[Provided information Boundary: Start]
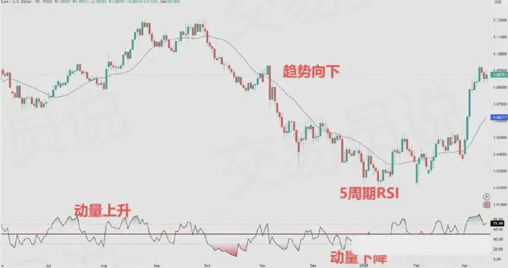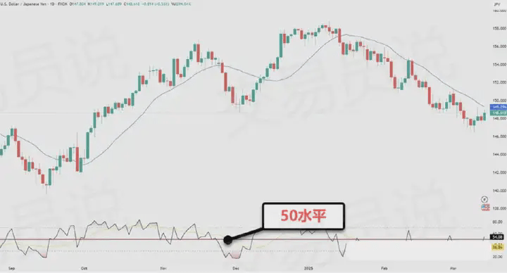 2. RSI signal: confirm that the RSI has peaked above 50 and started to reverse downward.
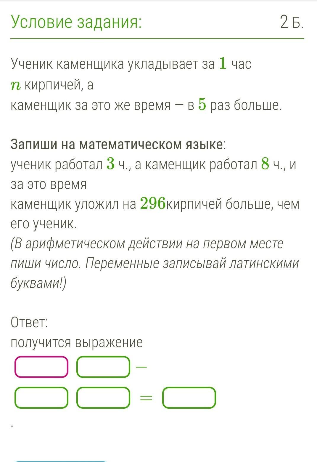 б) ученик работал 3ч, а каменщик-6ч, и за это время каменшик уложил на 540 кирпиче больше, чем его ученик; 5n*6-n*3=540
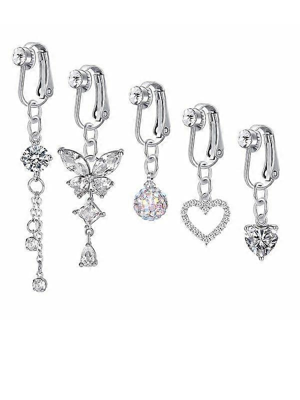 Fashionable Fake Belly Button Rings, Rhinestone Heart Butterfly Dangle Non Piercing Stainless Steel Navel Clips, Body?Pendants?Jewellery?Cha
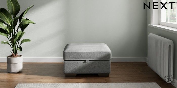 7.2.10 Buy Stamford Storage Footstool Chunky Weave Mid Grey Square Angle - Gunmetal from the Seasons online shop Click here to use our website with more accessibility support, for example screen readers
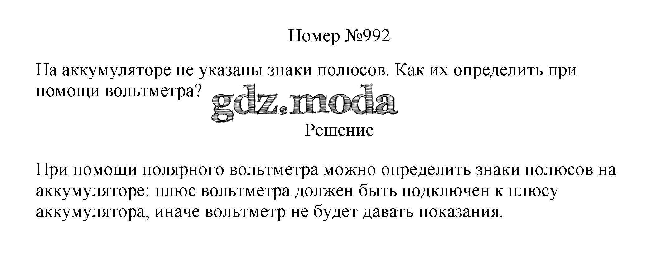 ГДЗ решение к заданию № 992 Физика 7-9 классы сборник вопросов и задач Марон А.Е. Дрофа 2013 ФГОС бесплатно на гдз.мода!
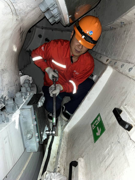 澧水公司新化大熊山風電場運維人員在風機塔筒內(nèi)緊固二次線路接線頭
[Provided information Boundary: End]
[Provided information Boundary: Start]
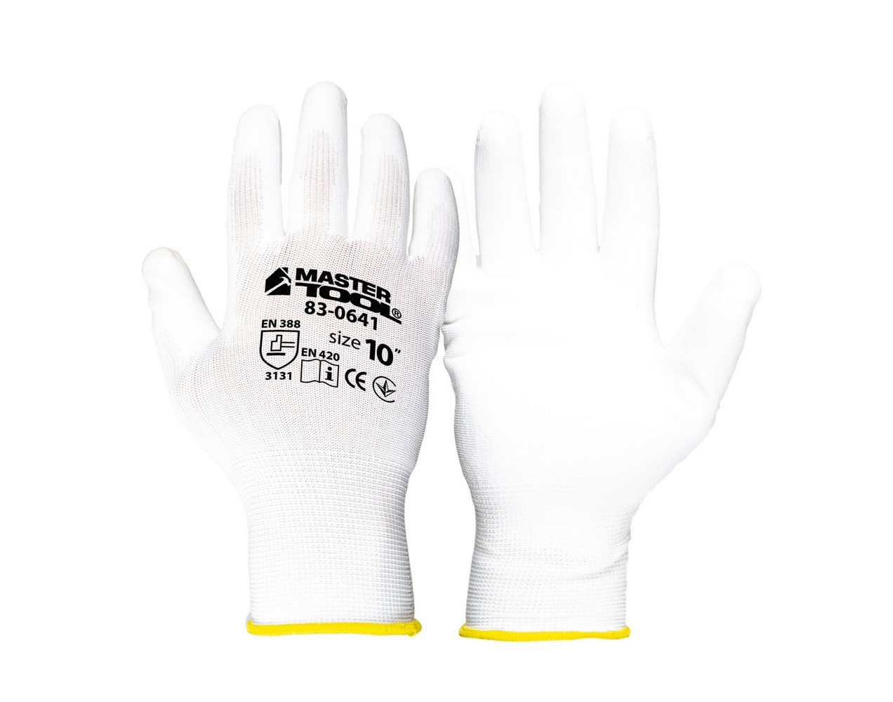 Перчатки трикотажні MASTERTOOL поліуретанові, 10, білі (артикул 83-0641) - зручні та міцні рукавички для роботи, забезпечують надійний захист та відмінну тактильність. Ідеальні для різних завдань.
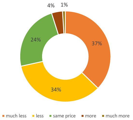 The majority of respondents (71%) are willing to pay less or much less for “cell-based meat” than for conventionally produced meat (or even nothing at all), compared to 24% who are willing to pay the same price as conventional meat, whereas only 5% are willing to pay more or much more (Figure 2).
[Provided information Boundary: End]
[Provided information Boundary: Start]
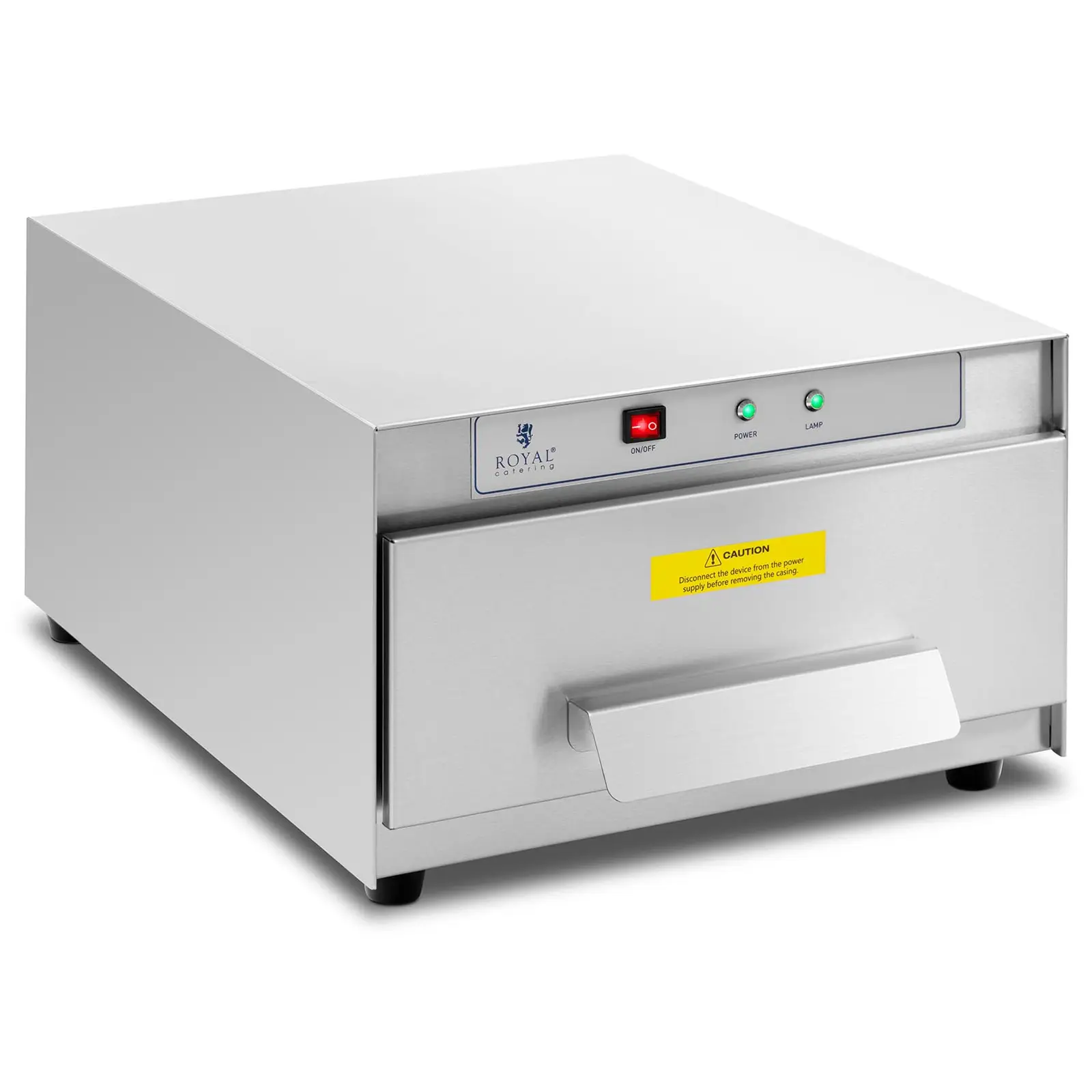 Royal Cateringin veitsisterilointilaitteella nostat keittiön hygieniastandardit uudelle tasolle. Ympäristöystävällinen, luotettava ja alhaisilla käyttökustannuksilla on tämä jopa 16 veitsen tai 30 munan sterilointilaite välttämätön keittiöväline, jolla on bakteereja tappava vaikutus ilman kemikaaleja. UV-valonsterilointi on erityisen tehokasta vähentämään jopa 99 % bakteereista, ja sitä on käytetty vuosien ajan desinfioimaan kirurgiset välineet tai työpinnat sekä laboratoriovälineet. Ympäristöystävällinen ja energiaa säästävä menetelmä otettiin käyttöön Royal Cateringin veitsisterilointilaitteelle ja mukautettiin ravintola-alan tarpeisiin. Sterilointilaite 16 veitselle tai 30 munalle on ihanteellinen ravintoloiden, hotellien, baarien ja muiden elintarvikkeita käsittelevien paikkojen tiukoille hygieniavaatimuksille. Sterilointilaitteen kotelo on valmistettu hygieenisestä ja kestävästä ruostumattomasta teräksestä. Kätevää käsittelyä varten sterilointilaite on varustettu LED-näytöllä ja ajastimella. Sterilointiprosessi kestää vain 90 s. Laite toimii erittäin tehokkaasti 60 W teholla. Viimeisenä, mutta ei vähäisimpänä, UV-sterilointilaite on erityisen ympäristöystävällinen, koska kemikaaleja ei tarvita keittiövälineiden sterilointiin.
[Provided information Boundary: End]
▶ _Description of the task_: Only the lines above from the one with "2. RSI signal: confirm" to the one with "7.2.10 Buy Stamford" should be printed, both included and exactly as written; no picture belongs in the copy.

▶ _Output for this task_:
 2. RSI signal: confirm that the RSI has peaked above 50 and started to reverse downward.
 б) ученик работал 3ч, а каменщик-6ч, и за это время каменшик уложил на 540 кирпиче больше, чем его ученик; 5n*6-n*3=540
 Fashionable Fake Belly Button Rings, Rhinestone Heart Butterfly Dangle Non Piercing Stainless Steel Navel Clips, Body?Pendants?Jewellery?Cha
 7.2.10 Buy Stamford Storage Footstool Chunky Weave Mid Grey Square Angle - Gunmetal from the Seasons online shop Click here to use our website with more accessibility support, for example screen readers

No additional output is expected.